Well, well, well. I am impressed. Apparently, same sex couples attending a school dance proposes such a challenge to the school's moral fiber that they had the county sheriff keep one such couple away.

CNN.com - Student challenges same-sex dance rule - Nov. 23, 2003: A straight teenager is challenging a school district policy that bars students from bringing same-sex dates to school dances. In September, Amanda Blair tried to defy the rule by taking another young woman to the homecoming dance at Big Piney High School. They were kept out by sheriff's deputies at the request of school officials. Blair, a senior at Big Piney, has now enlisted the help of the American Civil Liberties in formally calling on Sublette County School District No. 9 to lift the same-sex date ban.
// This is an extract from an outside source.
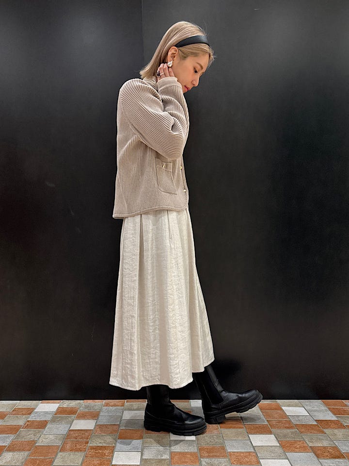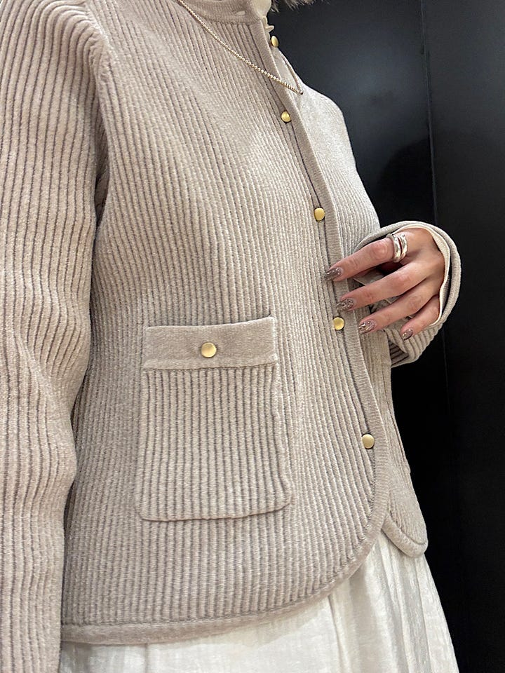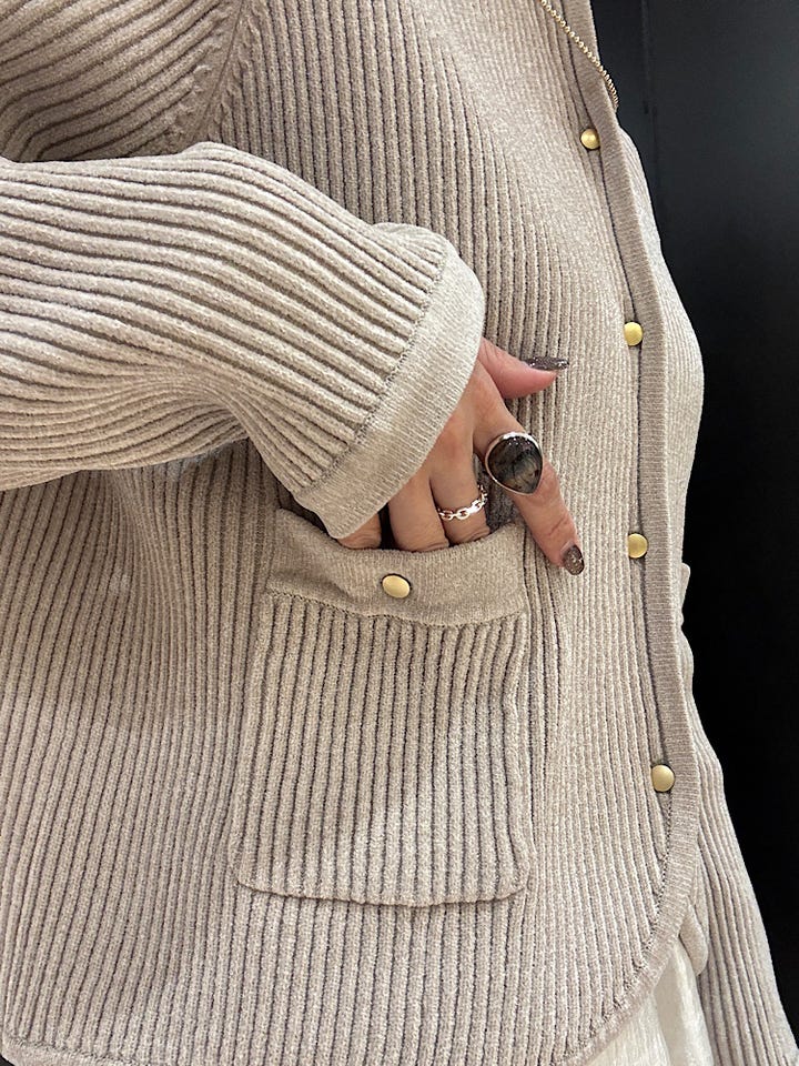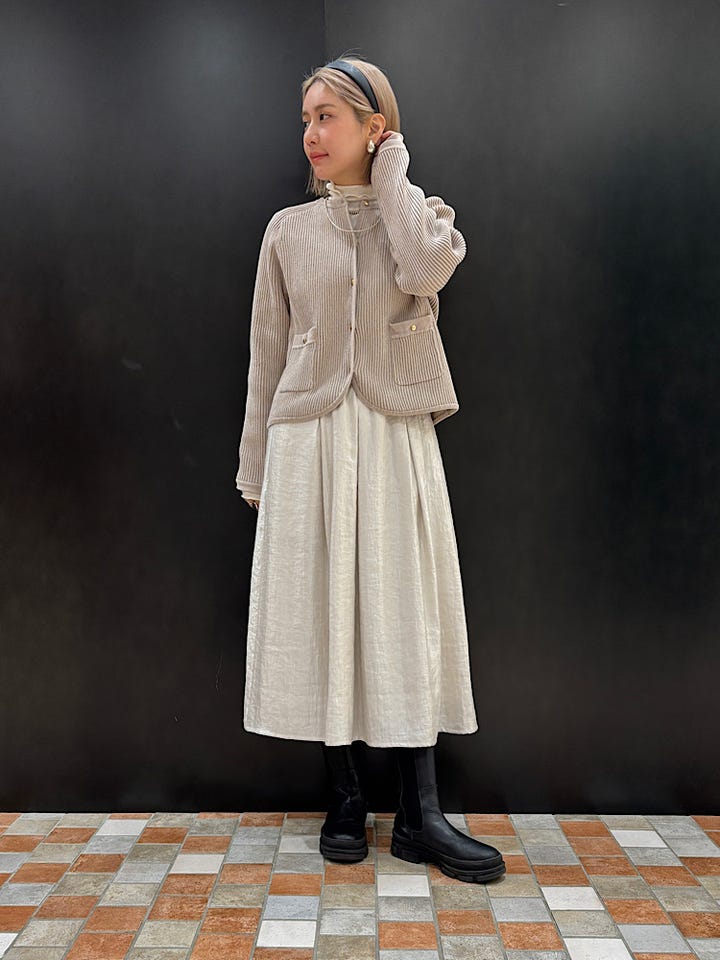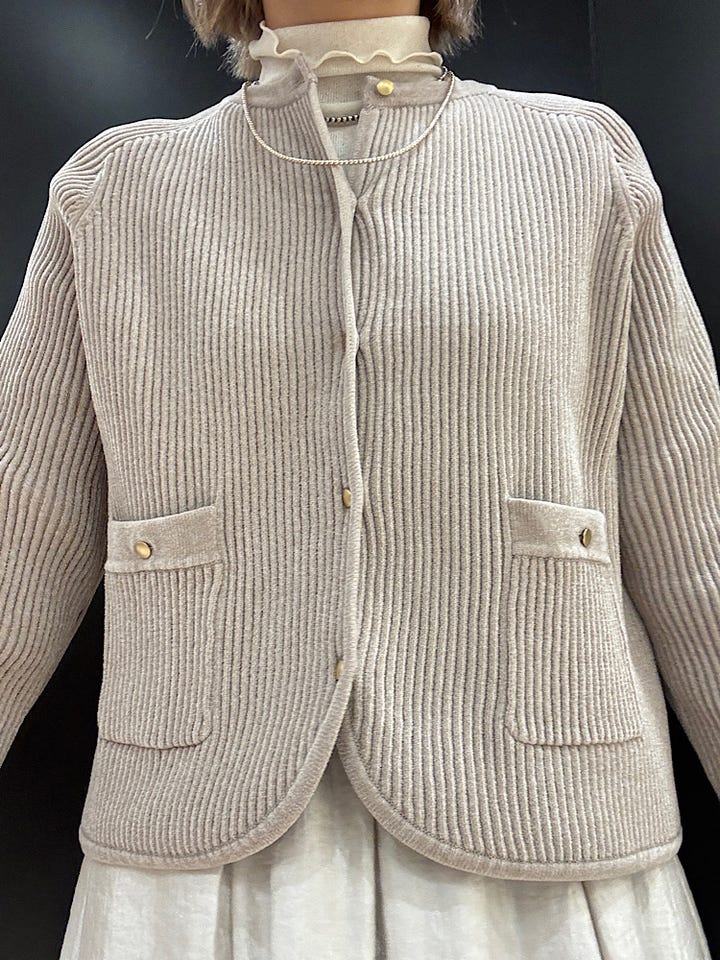 ジャケットとカーディガンの中間のような、きちんと感のあるニットジャケット。

Now, mind, it's rather clear that Ms Blair is what they might call a "shit stirrer". I can't imagine that things reached the stage where they sent in an armed trooper to keep her out without her having served notice -- after all, how would they have known to do so?

Of course, the other issue is that she is right. Mostly.

Ken Choe, of the ACLU's Lesbian and Gay Rights Project, said the ban violates students' constitutional rights to freedom of expression and equal treatment.

While that may be technically true, one notes that the current Supreme Court has gleefully and with malice aforethought restricted students' rights to control even their own bodies, allowing school districts to force those involved in extracurricular activities to undergo drug tests even absent any suspicion of drug use, with Scalia implying that he wouldn't find it unreasonable to test all students all the time for no reason whatsoever. Now if they're willing to allow that sort of invasion of privacy on the slimmest of pretexts, one would not think that this Court would give much credence to the concept that students are allowed much in the way of free speech or expression at school sponsored and/or sanctioned activities. To be sure, nothing has gone that far yet; first the policy must be actively challenged in court. Given that Ms Blair is a senior, one wonders if perhaps the Wyoming courts might simply delay deciding until the issue is technically mooted by Ms Blair's graduation, and then dismiss the case. It's certainly easier than getting involved in the mess.

I wonder if Lawrence v Texas can actually be extended to cover this. After all, it is, quite clearly, discrimination of the type envisioned by the decision, although sexual conduct as such isn't involved.